Anyway, my main point: I think this is an obvious next step towards a world of music "playbacks." A couple quotes from my original post:
The physical design of Playbacks will be focused on either the symbolic value of an object, or the utility of a user interface, or both. . .
People will collect Playbacks because they are nice, physical, objects to associate with music. . .
People will produce "branded" Playbacks. . .
Musicians and artists make some money designing and selling Playbacks to go with specific music.
You heard it here first!
People miss the future
A grueling work-week, from which I am apparently emerging.
I'll explain more about the work thing in an upcoming post—it's music and arts related. But, for now, just a couple brief things of interest:
In The Future Is So Yesterday, Danny Hillis of The Long Now Foundation talks about Disney's Tomorrowland and how little a connection we feel to the future. A good quote:
. . . [W]e are nostalgic for a time when we believed in the future. People miss the future. There's a yearning for it. Disney does know what people want. People want to feel some connectedness to the future. The way Disney delivers that is to reach back in time a little bit to the past when they did feel connected.
It's a bit of a cop-out. . .
Also, on the Long Now site, an interesting blog post about photographer Edward Burtynsky's proposal to print photographs that will last 10,000 years (to go with The 10,000 Year Clock—the one with chimes composed by Brian Eno). Burtynsky has been researching a method called "carbon transfer print" that uses inks made of ground stone.

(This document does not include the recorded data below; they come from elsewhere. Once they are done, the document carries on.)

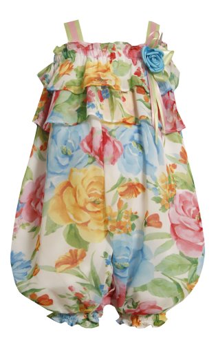 Sleeveless multicolor bold floral print chiffon romper/coverall with ruffle bodcie and rosette trim.
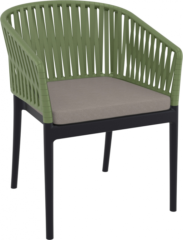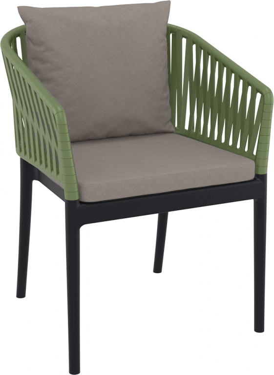 Кресло пластиковое с подушками Siesta Contract Portofino, черный, оливковый, светло-коричневый
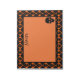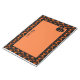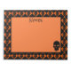 Padrão de harlequina vibrante de diamantes negros e laranja com crânios pretos assustadores.
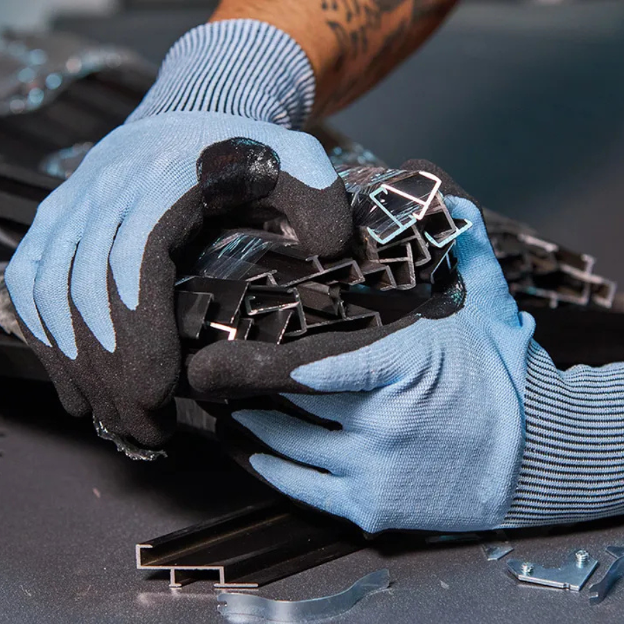 • Manipulación de piezas metálicas con cantos o aristas cortantes, tanto secas como ligeramente aceitadas.
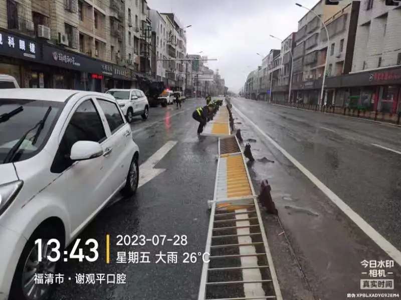 受台风影响,路面存在较大安全隐患。交警中队迅速出动15人,布置路障,设立警示范围,排除积水路段隐患,全力做好车辆和行人安全通行保障。
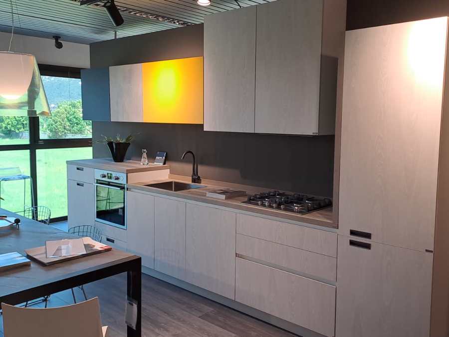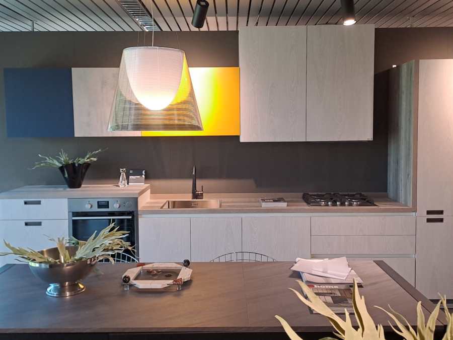 NOTE: Le ante delle basi sono in decorativo con finitura Concrete Medium, i pensili sono laccato opaco con finitura Bianco Prestige e il piano colazione è in laminato con finitura White Rock come il piano della cucina.
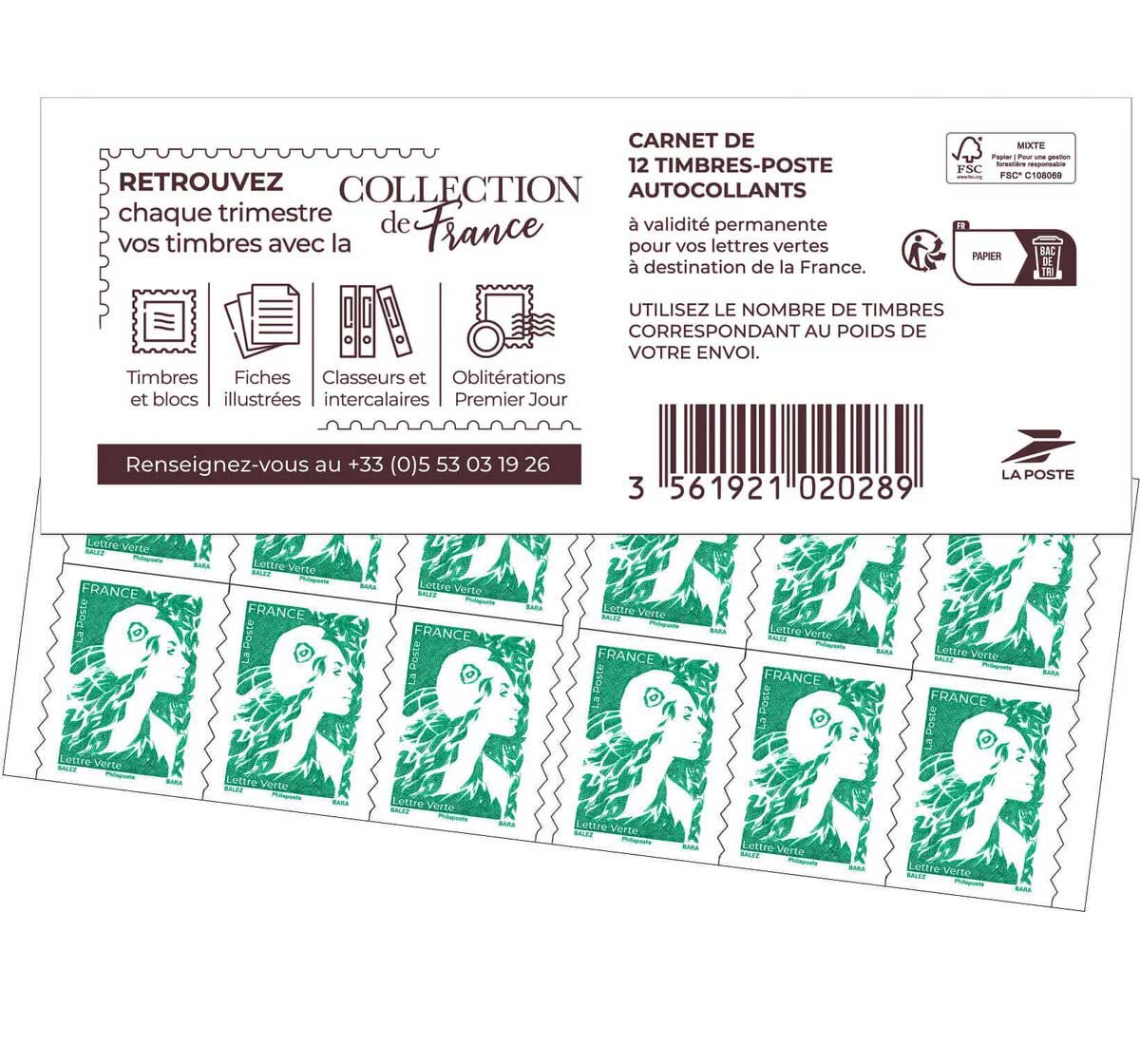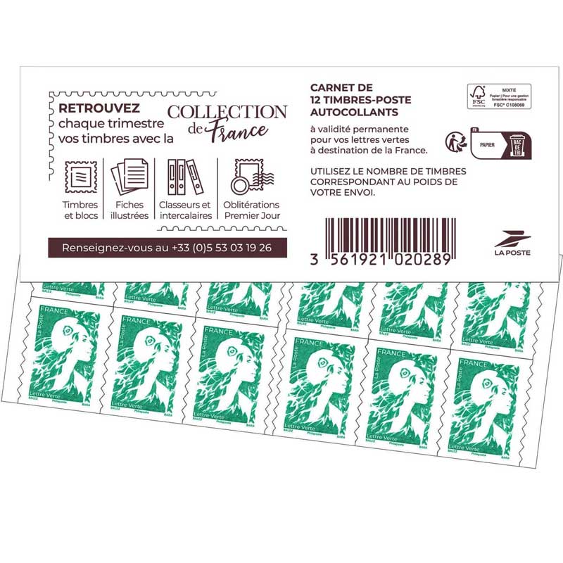 | Description | Carnet guichet de 12 timbres autoadhésifs pour lettres vertes de 20 g |
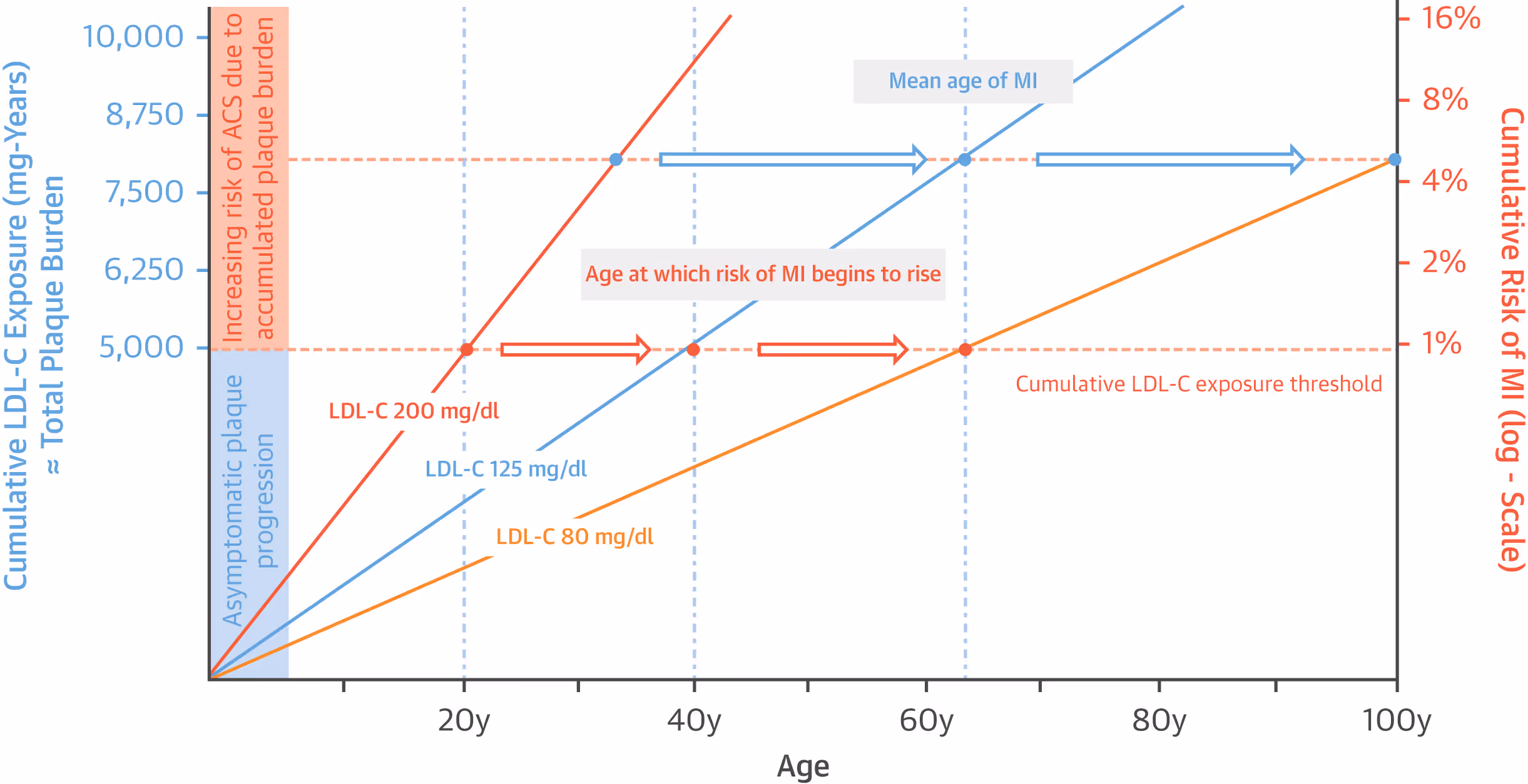 Die orangenen Punkte markieren das Alter, in dem Menschen mit einer lebenslangen Exposition von 200 mg/dl, 125 mg/dl bzw. 80 mg/dl den Schwellenwert von 5 000 mg-Jahren kumulativer LDL-Belastung überschreiten – ab dem das Lebenszeitrisiko für einen Herzinfarkt über 1 % liegt.

. . . Burtynsky showed a large carbon transfer print of one of his ultra-high resolution photographs. The color and detail were perfect. Accelerated studies show that the print could hang in someone’s living room for 500 years and show no loss of quality. Kept in the Clock’s mountain in archival conditions it would remain unchanged for 10,000 years.

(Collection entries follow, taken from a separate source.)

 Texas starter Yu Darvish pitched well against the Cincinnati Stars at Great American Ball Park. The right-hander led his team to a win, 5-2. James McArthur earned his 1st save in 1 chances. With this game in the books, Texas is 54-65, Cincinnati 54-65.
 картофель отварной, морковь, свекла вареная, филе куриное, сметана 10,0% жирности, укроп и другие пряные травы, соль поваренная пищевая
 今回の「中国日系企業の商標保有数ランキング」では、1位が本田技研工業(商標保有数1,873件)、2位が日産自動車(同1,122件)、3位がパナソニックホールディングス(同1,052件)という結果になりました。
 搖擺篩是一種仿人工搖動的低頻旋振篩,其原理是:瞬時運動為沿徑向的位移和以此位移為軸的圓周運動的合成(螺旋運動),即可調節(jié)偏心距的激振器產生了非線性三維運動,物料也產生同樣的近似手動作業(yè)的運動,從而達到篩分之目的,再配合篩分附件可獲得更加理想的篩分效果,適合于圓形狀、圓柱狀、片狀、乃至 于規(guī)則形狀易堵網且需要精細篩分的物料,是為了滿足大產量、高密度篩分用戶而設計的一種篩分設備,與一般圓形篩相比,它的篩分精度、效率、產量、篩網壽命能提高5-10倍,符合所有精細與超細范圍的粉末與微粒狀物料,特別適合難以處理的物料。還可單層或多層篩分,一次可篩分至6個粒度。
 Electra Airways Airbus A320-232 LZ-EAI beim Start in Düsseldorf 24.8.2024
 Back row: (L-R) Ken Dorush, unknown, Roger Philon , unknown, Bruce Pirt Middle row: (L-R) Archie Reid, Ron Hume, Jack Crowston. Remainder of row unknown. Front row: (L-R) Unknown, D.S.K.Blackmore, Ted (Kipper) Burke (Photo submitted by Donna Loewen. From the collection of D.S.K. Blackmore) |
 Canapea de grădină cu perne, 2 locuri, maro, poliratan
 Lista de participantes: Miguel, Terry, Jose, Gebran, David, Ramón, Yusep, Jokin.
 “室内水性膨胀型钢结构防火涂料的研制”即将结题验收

Thinking forward to 10,000 years really is pretty mind-blowing. . .
Mr. Smolin / Stew - conversation / interview
My long time friend-hero, Barry Smolin conducts a great interview with my long time friend-hero-of-a-friend-hero, Stew.
The interview, Stew Speaks His (Very Freaky) Mind, has too many good lines to pick out a favorite to quote—it's all good! Nevertheless, here's a quote, just in case, etc:
Stew: I learned how to be an artist from Jews. I was already an artist, but I was closeted about it. And I didn't know anything about James Joyce or French film or the Beats. I didn't know how to wave my freak flag. Jews were born carrying theirs. So being an artist was no biggie. The Jews I knew in high school who would unashamedly describe themselves as "artists" blew my mind and changed my life forever. They read the big books and wrestled with the big theories and dove head first into the continuum and they claimed the continuum. They didn't read A Portrait of the Artist as a Young Man as just a novel. It was a manual for them. All art was an instructional manual. As was French film. And it was that way for me too. We weren't observing; Godard was teaching us and we were taking notes on how to live life. Most shockingly, they wrote songs while their moms cooked dinner within earshot. I never could have done this in my home. I was too ashamed of being an artist. I wrote songs in the basement or in the quiet of my room behind a locked door.
Stew recently won a Tony Award® for his Broadway musical, Passing Strange. I've also heard it's really great. My planned trip to New York keeps getting postponed, so I don't know if I'll catch it on stage :-(
Although I've never met him in person, I've thought of Stew's as being a friend-hero-of-a-friend-hero (and, even earlier, a friend-hero-of-a-cousin-hero-of-a-friend-hero) since I was a kid and got to know Barry via Bernard Bernard, who first played me The Wake and also Stew's early band, The Animated. (I just pulled out my copy of "4 Song EP" by The Animated—going to give it another listen a bit later.)